ATG NEWS RELEASE: Hawaii joins state coalition demanding U.S. Education Secretary Betsy DeVos stop attacking student borrowersPosted on Sep 26, 2017 in Latest News
HONOLULU – Hawaii Attorney General Doug Chin and Executive Director of the Hawaii Office of Consumer Protection Steve Levins today joined a coalition of states demanding U.S. Department of Education (USDOE) Secretary Betsy DeVos stop her systematic rollback of critical protections for student loan borrowers.
Attorney General Chin and Executive Director Levins said, “The United States Department of Education is supposed to be helping American students obtain a legitimate education that won’t financially cripple them. Instead, inexplicably, its actions are punishing students and benefiting predatory lenders. This must stop.”
The letter to Secretary DeVos, led by Pennsylvania Attorney General Josh Shapiro and joined by 19 other states and the District of Columbia, finds three main faults with an August decision by the USDOE to end two memoranda of understanding it had with the Consumer Financial Protection Bureau (CFPB):
- USDOE falsely asserted it has exclusive jurisdiction over companies that service federal student loans.

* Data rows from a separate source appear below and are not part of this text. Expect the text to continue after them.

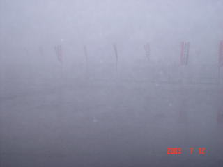 | が、しかし・・・オートポリスではこういう事があるのです。 かなり昔にも源さんは、ジムカーナのツアーシリーズで経験していました。濃霧と豪雨と落雷。時速10kmほどのスピードでさえ前方5mも見えないというのです。 |
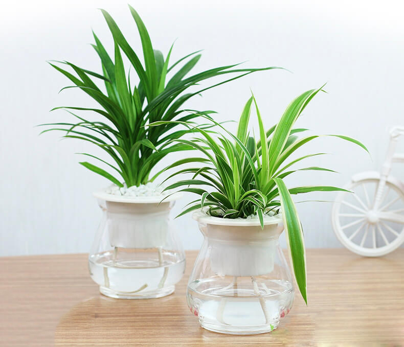 - Bạn có thể đặt một chậu cây nhện ở trên nóc tủ, để nó rủ xuống tự nhiên, đến khi cành rủ có độ dài nhất định thì có thể cuốn nó lại thành vòng trong, tạo hình như một tác phẩm điêu khắc tuyệt đẹp.
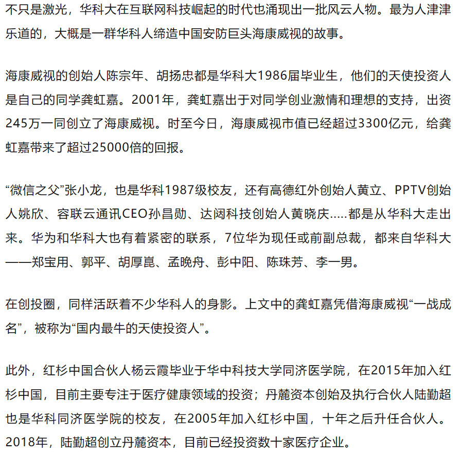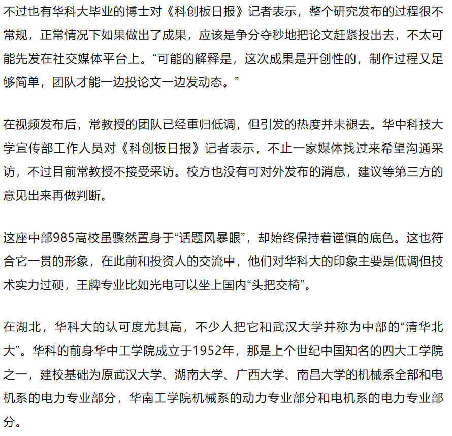 “火出圈”的華科大也成了創(chuàng)投圈關(guān)注的焦點。一位北京的國資CVC投資人對《科創(chuàng)板日報》表示,正在找華科大的團隊了解情況,后面可能會直接去趟學(xué)校。另外也有媒體稱華科畢業(yè)的硬科技投資者發(fā)起了一個專門的材料創(chuàng)投社群,計劃邀請百名華科大材料、光電領(lǐng)域的研發(fā)專家、硬科技投資者。
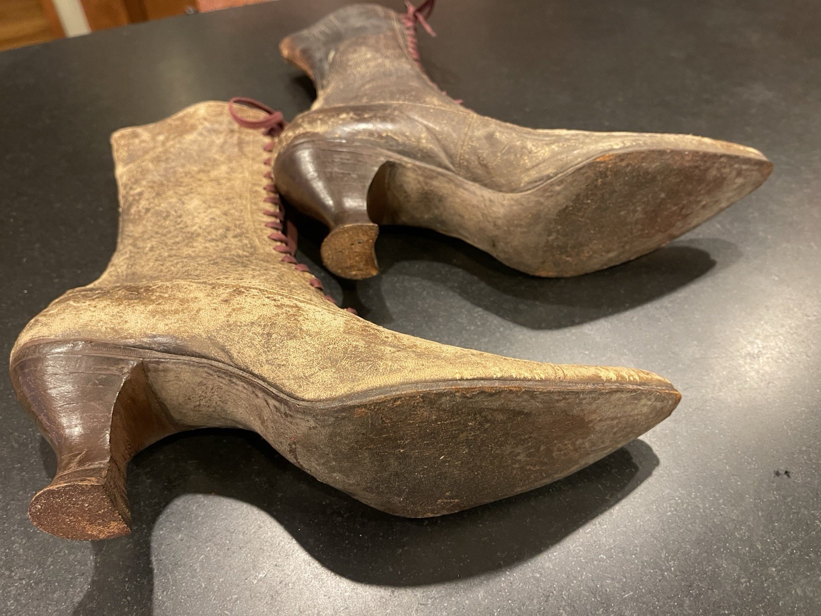 Antique Victorian Tan Brown Leather Lace-Up Boots Late 1800s Collector Piece
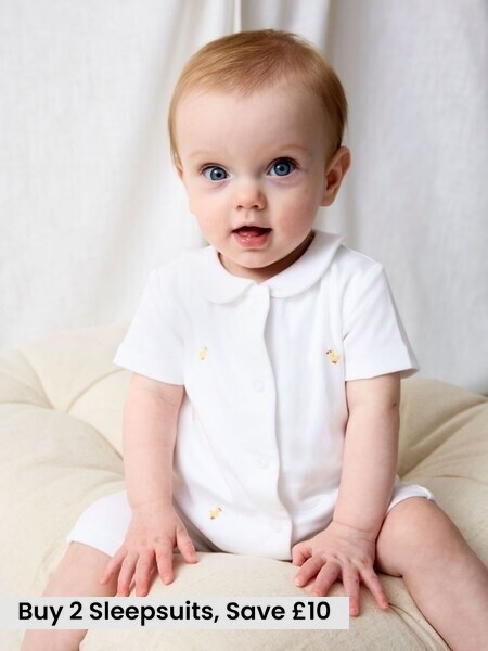 White Duck Embroidered Organic Cotton Short Sleeve Sleepsuit

In fact, student loan servicers are under the joint jurisdiction of the CFPB, Federal Trade Commission, Department of Justice, attorneys general and other law enforcement agencies;
- The letter is the latest in a series of actions by USDOE to strip critical protections for millions of students and families repaying student loans; and
- USDOE misrepresents the strong work done by the CFPB on behalf of students and families across the country.
As the letter details: “Contrary to the Department’s assertion, Congress did not exempt the $1.3 trillion federal student loan market from the Consumer Financial Protection Bureau’s jurisdiction – or from the jurisdiction of any other law enforcement agencies. … Not only is the Department’s assertion demonstrably false, but such an exemption would make no sense – the market for federal student loan servicers is bigger than any other consumer finance market except mortgages. Moreover, student loan borrowers, who in most cases cannot discharge their student loans through bankruptcy, are among the most vulnerable borrowers.”

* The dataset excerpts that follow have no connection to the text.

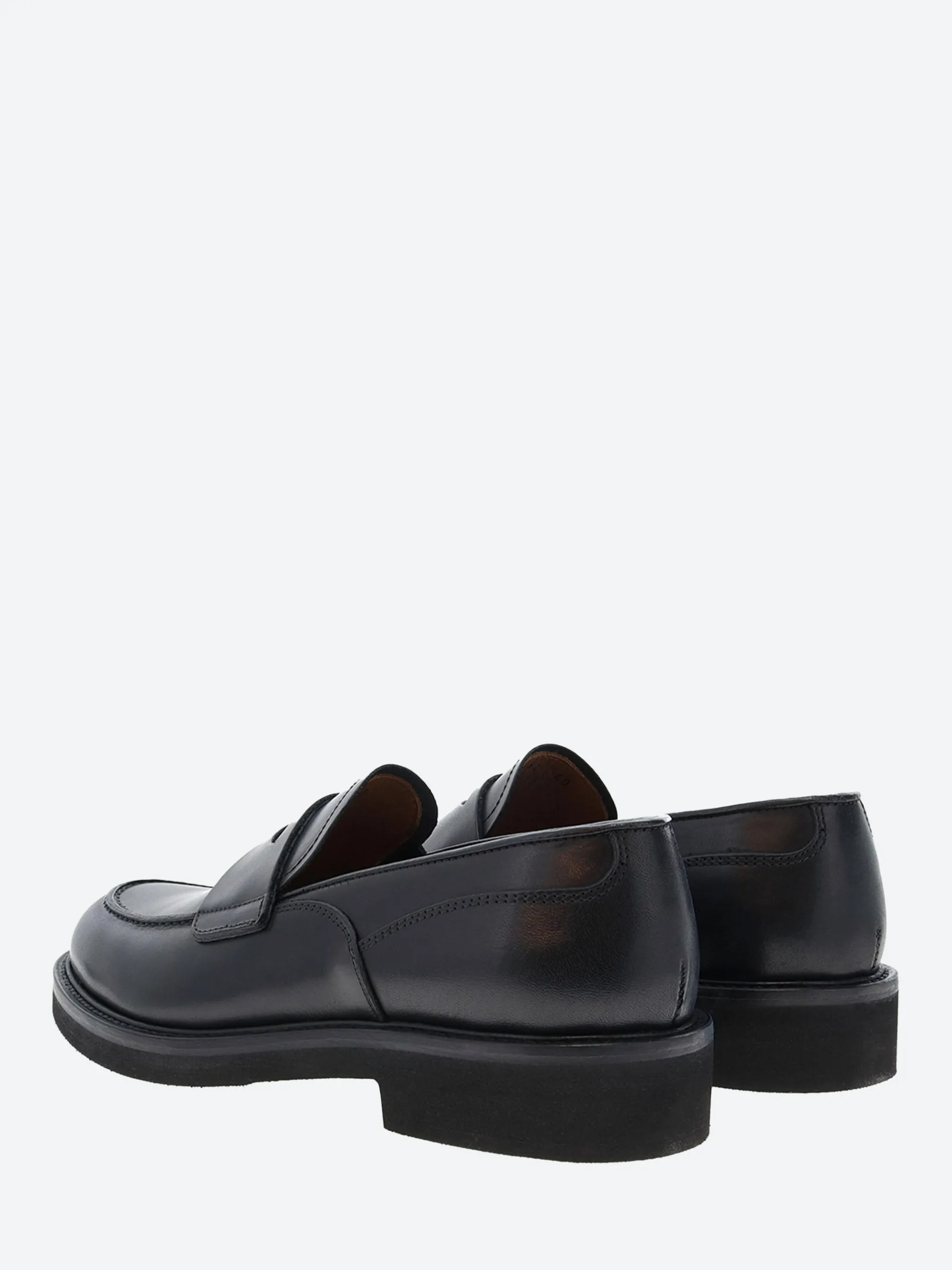 gravitypope Michele apron loafer in polished black leather. Lightweight EVA sole and handcrafted in Italy.
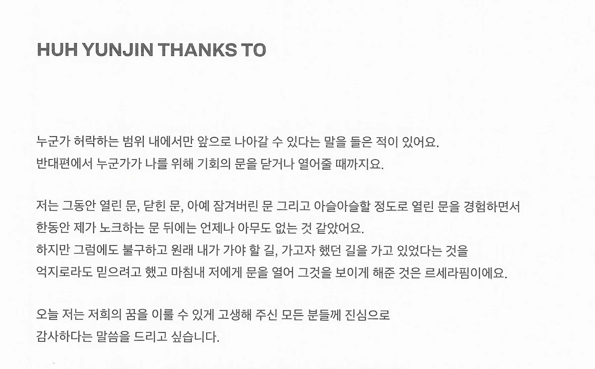 중간에 문 드립은 데뷔 앨범에 있는 허윤진 땡스투 문구 차용.
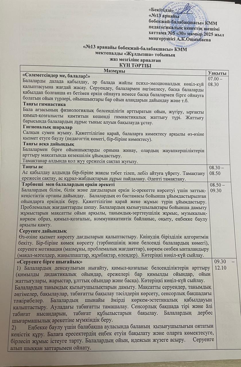 » Мектепалды "Жұлдызша" тобының жаз мезгіліне арналған күн тәртібі
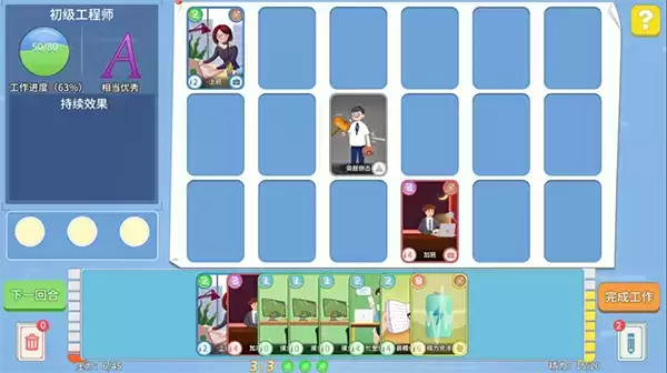在游戏中玩家可以体验到职场中经常发生的事情,“上班”、“加班”、“摸鱼”等三种不同风格的卡牌类型可以选择,不同的选择都各有千秋。同时在工作的过程中也将会发生很多事情,比如马虎粗心、领导训斥、强势甲方、电脑宕机等等一系列Debuff事件,需要通过更换和提升卡牌来解决问题。

USDOE’s August 31st letter to the CFPB terminating two memoranda of understanding ended critical protections designed to streamline the supervision of student loan servicers. Today’s letter from the states makes clear this step harms American families and makes it more difficult for the CFPB to assist and protect student borrowers.
As today’s letter states, “[t]he only beneficiaries of the Department’s sweeping rollbacks of consumer protections are the loan servicers and for-profit colleges, and their executives and investors. We suggest the Department of Education focus its efforts on removing the ability of schools selling worthless educational programs to obtain federally guaranteed student loans.”

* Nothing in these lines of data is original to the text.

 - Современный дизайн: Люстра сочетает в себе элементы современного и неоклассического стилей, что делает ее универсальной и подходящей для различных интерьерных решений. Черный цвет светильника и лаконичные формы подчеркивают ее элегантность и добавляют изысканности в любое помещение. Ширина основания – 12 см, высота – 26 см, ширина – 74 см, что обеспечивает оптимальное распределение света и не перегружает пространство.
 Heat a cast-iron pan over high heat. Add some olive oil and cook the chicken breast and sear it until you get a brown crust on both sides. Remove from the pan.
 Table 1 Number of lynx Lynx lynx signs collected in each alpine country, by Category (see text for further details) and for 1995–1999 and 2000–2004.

Today’s letter highlights the strong work the CFPB has done to protect students and families, often in partnership with the USDOE and state attorneys general, including:
- Processing complaints from over 40,000 student loan borrowers;
- With Washington State and Illinois, suing Navient, the nation’s largest student loan servicer, for steering borrowers into costly repayment plans that benefit the servicer, not the borrower;
- Cracking down on abusive for-profit colleges ITT Tech and Corinthian;
- Halting illegal loan servicing practices at Wells Fargo; and
- Working with state attorneys general to create an online tool that helps students plan for college by comparing financial aid offers, loan commitments and earnings potential.
Joining Hawaii and Pennsylvania on today’s letter were California, Connecticut, Delaware, District of Columbia, Illinois, Iowa, Kentucky, Maine, Maryland, Massachusetts, Minnesota, New York, North Carolina, Oregon, Rhode Island, Vermont, Virginia and Washington.